En ella, sus dos pequeños se veían en primera línea, y más atrás, él y su esposa, como una familia que buscaba estar unida en cualquier circunstancia.
- ¿Qué propones?- dijo finalmente, dejando el portarretratos en el escritorio, y sentándose en el sillón, frente al presidente.
- Austria. No está lejos de aquí, y es una buena opción para recibir la educación que deseas darles. Puedes enviar a más personas de tu familia, no sé, algún pariente de confianza, para que se responsabilice de ellos, en caso también de que algo ocurra aquí.
Peacecraft asintió. La oportunidad tal vez no se presentaría más adelante, y de verdad, ellos eran la mejor garantía para la continuidad de sus ideales.
Había pasado mucho tiempo buscando que su familia comprendiera los riesgos a los que se confrontaban; había aleccionado a sus niños durante las noches en las que había estado con ellos, mientras se llevaba a cabo la cruenta guerra de liberación, y había apoyado a su esposa en los momentos en que ella estaba a punto de rendirse, en los momentos en que ella no podía seguir y el temor y la desesperanza hacían presa de su corazón… Y sabía perfectamente que todo eso no era tiempo perdido.
- Si. Hablaremos a la prensa mañana mismo, y explicaremos la situación. Debemos darle oportunidad a la gente de la ciudad en primera instancia, y saldremos también para apoyar a las demás poblaciones de Cracovia.

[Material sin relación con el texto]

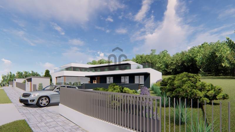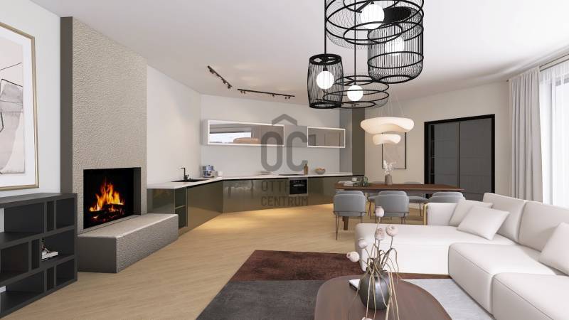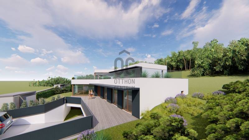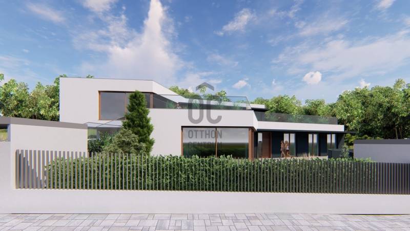 Érd-Parkváros csendes utcájában új építésű, nettó 187 m2-es, amerikai konyhás nappalival, 3 hálószobával, 2 fürdőszobával, kiszolgáló helyiségekkel, garázzsal, nagy terasszal ikerház eladó!Az épület formavilága rendkívül impozáns. Egyedi módon, szinteltolással kapcsolódik egymáshoz a két ház. Az ingatlant átgondolt, praktikus alaprajz, magas minőségű kivitelezés, modern, minden igényt kielégítő felszereltség jellemzi. Elhelyezkedése rendkívül csendes, zöld. Egy zsák utca végén, természetvédelmi terület szélén van, ami intimmé teszi. A hatalmas nyílászáróknak köszönhetően a ház világos, napos, szép kilátás van a környező erdős hegyekre. Az 57 m2-es terasz és a hozzákapcsolódó saját kertrész tökéletes helyet biztosít a kellemes pihenésre, kikapcsolódásra.A 2 épületnek csak a garázs szinten van közös fala. A házak 30 cm vastag Porotherm falazóelemekből épültek, 20 cm Dryvit rendszerű hőszigeteléssel.A fűtést Daikin hőszivattyús rendszer biztosítja, mennyezeti hűtés-fűtéssel és padlófűtéssel.A nyílászárók antracit színűek, fa, 3 rétegű, bukó-nyíló ablakok és nagy méretű toló teraszajtó, rejtett tokozással, elektromos redőnnyel, illetve zsalúziával. A burkolatok, szaniterek és belső ajtók kiemelkedő minőségben, az átlagnál magasabb áron választhatók. Az egyéb extra felszereltséget is tartalmazó részletes műszaki tartalmat komoly érdeklődés esetén rendelkezésére bocsájtjuk.A beruházó cég megbízható, és számos referencia munkával rendelkezik.Az utca rendezett, új építésű házakkal. Pár perc alatt elérhető minden szolgáltatás, iskola, óvoda, tömegközlekedés, bevásárlási lehetőség.Várható átadás: 2026. II. negyedévTovábbi információkkal kapcsolatban kérem hívjon bizalommal!

Noventa asintió también, y se sentó en uno de los sillones.
- Tenemos entonces que pensar el discurso que diremos.
- Voy a pedir que nos traigan bastante café. Y a llamar a casa. Es probable que no vayamos a dormir hoy.
- De acuerdo.
Y el presidente salió un momento, mientras Peacecraft iniciaba con una frase en una hoja de papel en blanco, la que daría inicio a la transmisión por los medios de comunicación a primera hora del siguiente día.